Ordinarily, I’m against being so matchy matchy with my fabric choices, but in this case I made a deliberate exception.  In my attempt to create a soft and serene space, I felt that the coordinating fabrics would work well here.

matching fabric

 

How to Make a Fabric Covered Headboard Trimmed with Decorative Moulding:

Supplies: 

  1. Half inch plywood trimmed to fit wall.
  2. Fabric of choice
  3. Half inch foam to fit
  4. Batting to cover
  5. Decorative moulding of choice
  6. “D” ring hangers to mount on wall
  7. Paint of choice for decorative moulding

Tools:  Staple gun, screwdriver, level, hammer, finish nails, miter box or saw. 

supplies for headboard

 

Step One:  Choose your decorative moulding from a home improvement store.  Then have your home improvement store cut a piece of half inch plywood to fit your wall.  My measurements for my Cal King bed were 74” wide x 36” tall.  Make sure you subtract the width of your moulding from your final width and height measurement. 

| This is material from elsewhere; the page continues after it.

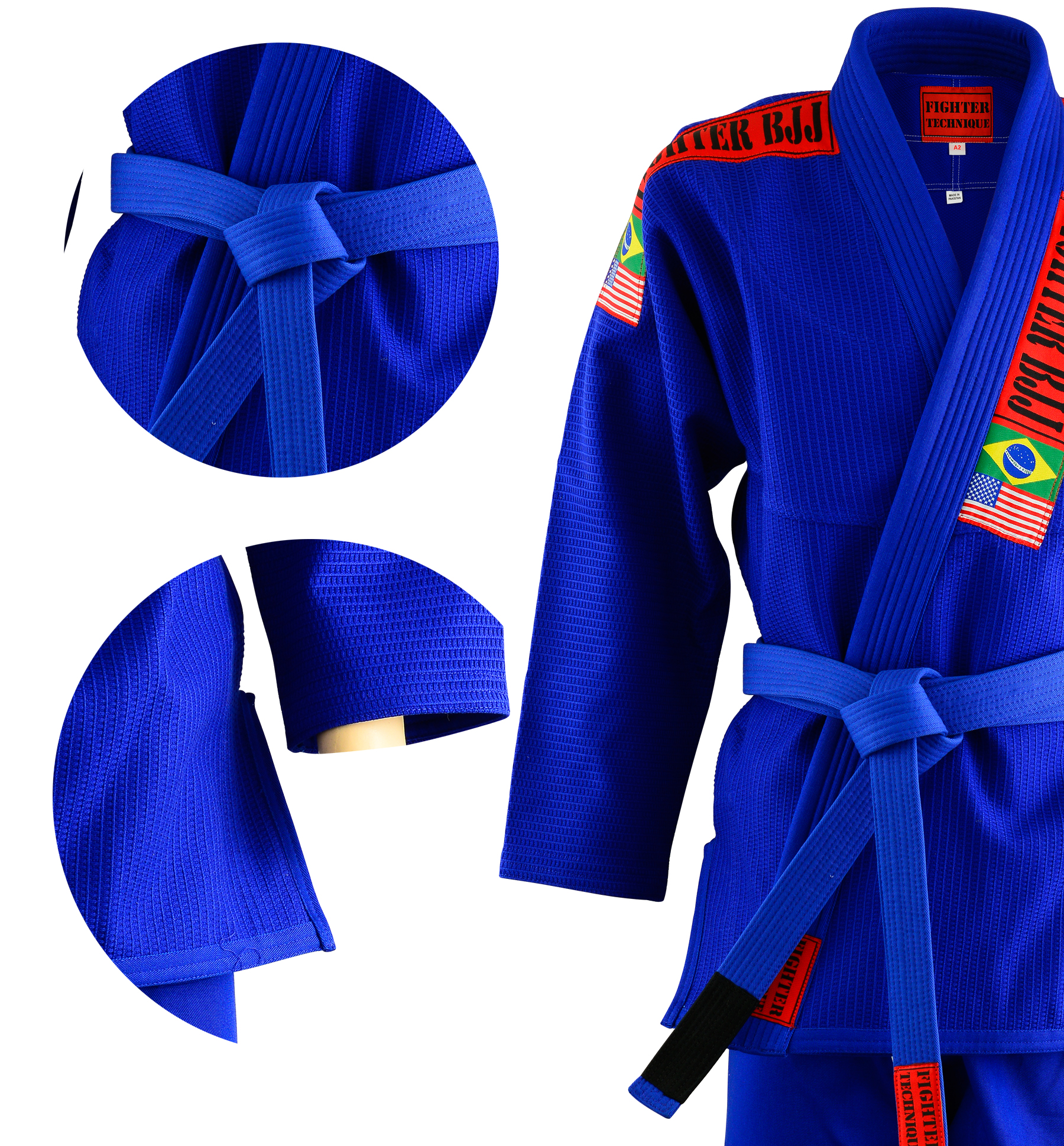 Gold Weave Jiujitsugi. 450grms 12 oz Twillpant. Blue stitching. Blue Trim pre- shrunk Fabric Brief Description;A Brazilian style of jiujitsugi. All stress point reinforced and tripple needle stitched. Pant with normal draw cord. Patches, printings and embroideries are available. colors;whiteBlackBlueNave Blue

Step Two:  Layer your half inch foam and batting on top of your plywood and if necessary, secure in place with a few staples on the very edge.

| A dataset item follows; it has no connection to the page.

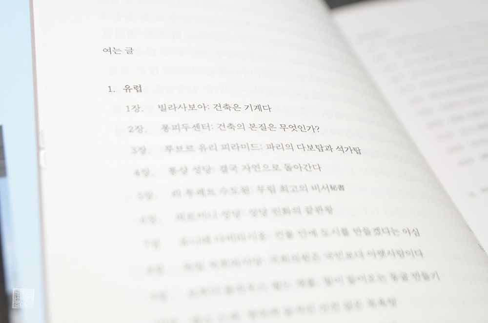 그랬었는데 이번에 중고서점을 둘러보다 <유현준의 인문 건축 기행>을 본 이후 잠깐 망설이다가 책을 중고로 구매해서 읽어보기로 했다. 책은 무려 485페이지로 구성되어 있을 정도로 분량이 방대했고, 카테고리는 크게 유럽과 북아메리카와 아시아 세 개로 나누어서 나라별로 흥미로운 건축가와 건축물을 소개하고 있다.

Tufting Tip:  If you want to add tufted buttons to your headboard, then measure and drill holes in the back of your headboard with a drill bit, and follow the tufting tutorial I used here and here

 headboard layers

Step Three:  Press your fabric to remove any wrinkles.   Place your layered plywood headboard on top of the fabric.  Pull taught, and staple every 8 inches.   

 staple every 6 inches

Turn your headboard over and make sure your fabric is aligned correctly.  If so, then staple all around every 2 inches.  Secure your corners as well.  Trim excess fabric. 

staple every 2 inches

 staple corners

Step Four:  Paint your trim to your color of choice.  I chose none other than Rustoleum’s Heirloom White.  

spray paint trim

Step Five:  Locate your wall studs on the wall, and measure the location of your “D” ring hangers.  Secure your hangers to plywood back with a screwdriver.  Hang headboard on wall.

 stud finder on wall

Double check your headboard is level before attaching trim. 

level headboard

Step Six:  Measure and cut your previously painted trim with a miter box or compound miter saw.  

compound miter saw

Secure to wall with brad nailer, or finish nails and a hammer.  Make sure you pound them in so they are flush to the trim.

finish nails

Spackle the corners to fill in any gaps. 

spackle corners

Step Eight:  If necessary, spackle your nail holes.  Paint over the nails to hide them.  In my case, I sprayed some of my spray paint into a plastic cup, and used an artist’s brush to paint over the nails. 

paint nails

Here’s a few more glimpses at the finished headboard. 

guest studio headboard from right

Do you spot my painted knockoff Draper chest that I found at a thrift store ?

headboard final

As pretty as a Wedgewood plate. 

headboard corner

 summer roses

Feminine.  Romantic.  French inspired. 

And inexpensive. 

If Mr. CG ever snores, this is where you’ll find me.   Zzzzzzzzzz.